Government intervention is required in the profession, because organs of State are constitutionally bound to act in the public interest. This seems fairly obvious. Should this requirement not also apply to statutory licensed professional bodies and their members such as KPMG and Deloitte.

The importance of considering the public interest was already considered by the Constitutional Court when they issued judgement on the issue of extending government accountability requirements to third party providers (South African Social Security Agency // Cash Paymaster // All Pay). This view is supported by Thina Siwendu, director at Cliffe Dekker Hofmeyr: "…in terms of this decision, by tapping the state for contracts, a private company might soon find itself in a position where it has to disclose pertinent aspects around its operational and financial business to improve transparency and accountability…It seems the ambit of a private company's accountability reaches beyond the meaning and interpretation of "public interest" as well as its public interest score as narrowly defined in the Companies Act".

Accountants and auditors in effect receive a licence from the state to perform a specific legislative function i.e. issue a report on financial statements. As such, a question can be raised whether they are therefore subject to public scrutiny, transparency and accountability in the same manner as organs of State. The accountancy profession as a whole has voluntarily adopted a general public interest rule as a governing framework for all accountants.

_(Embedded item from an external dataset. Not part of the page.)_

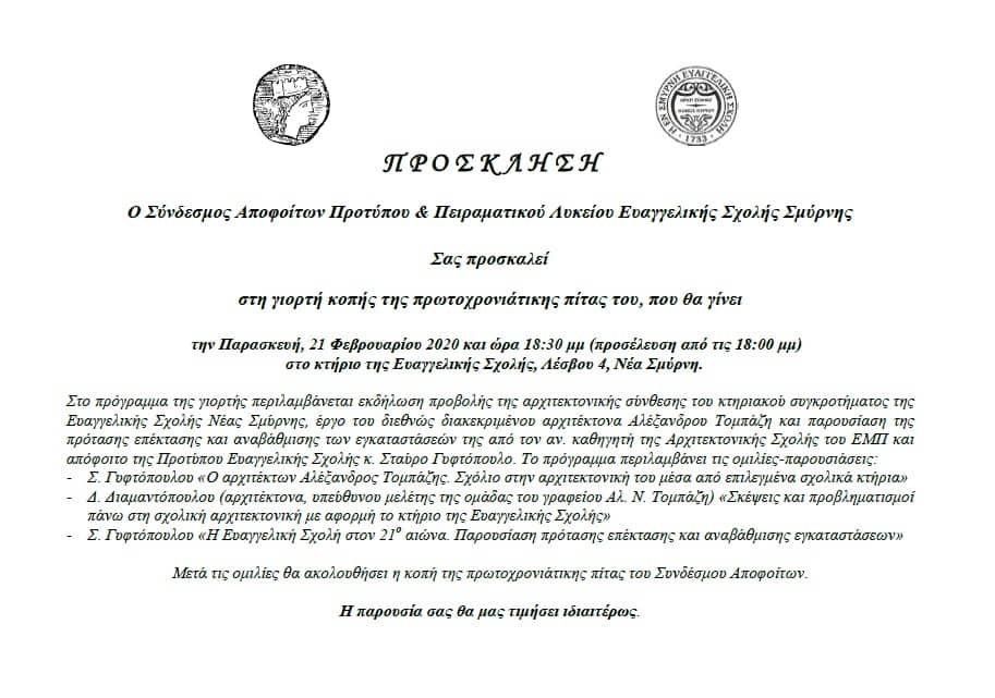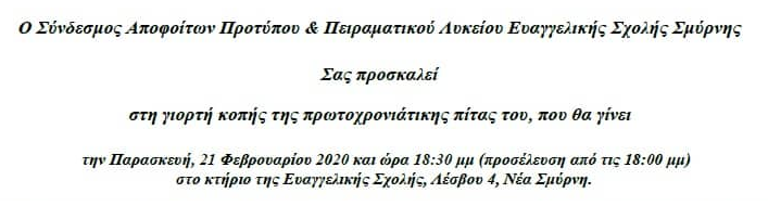 Πρόσκληση στην ετήσια κοπή της Βασιλόπιτας από τον Σύλλογο Φοιτησάντων στην Ευαγγελική Σχολή Σμύρνης

According to the International Federation of Accountants (IFAC) a distinguishing mark of the accountancy profession is its acceptance of the responsibility to act in the public interest. Therefore, a professional accountant’s responsibility is not exclusively to satisfy the needs of an individual client or employer.

The voluntary acceptance by accountants to act in the public interest has some serious implications. On the one hand it provides support to the arguments that accountants and auditors, and their governing bodies, should receive special licences from the State to perform their work. For example, certain companies are required to be audited and only registered auditors may perform such work; only registered tax practitioner that belong to a private controlling body may perform tax work for the public. On the other hand, the public interest concept stretches far wider that just the preparation of financial statements as an accountant or the performance of an audit or completion of a tax return.

In the words of the UK regulatory, the Financial Reporting Council: "the decision will send a strong and clear message to all members of the accountancy profession about their responsibility to act in the public interest and comply with a code of ethics." If the UK approach is followed it means that accountants will have to act not in the best interest of their clients but in the interest of the broader community, and ultimately in a developmental state, the State itself. Alternatively, the profession will need to reconsider the extent of their commitment to the public interest rule. Clear guidance is needed prior to the enactment of legislation to regulate the accounting profession. The outcome will determine if accountants and auditors in effect become agents of the State or advisors to their clients.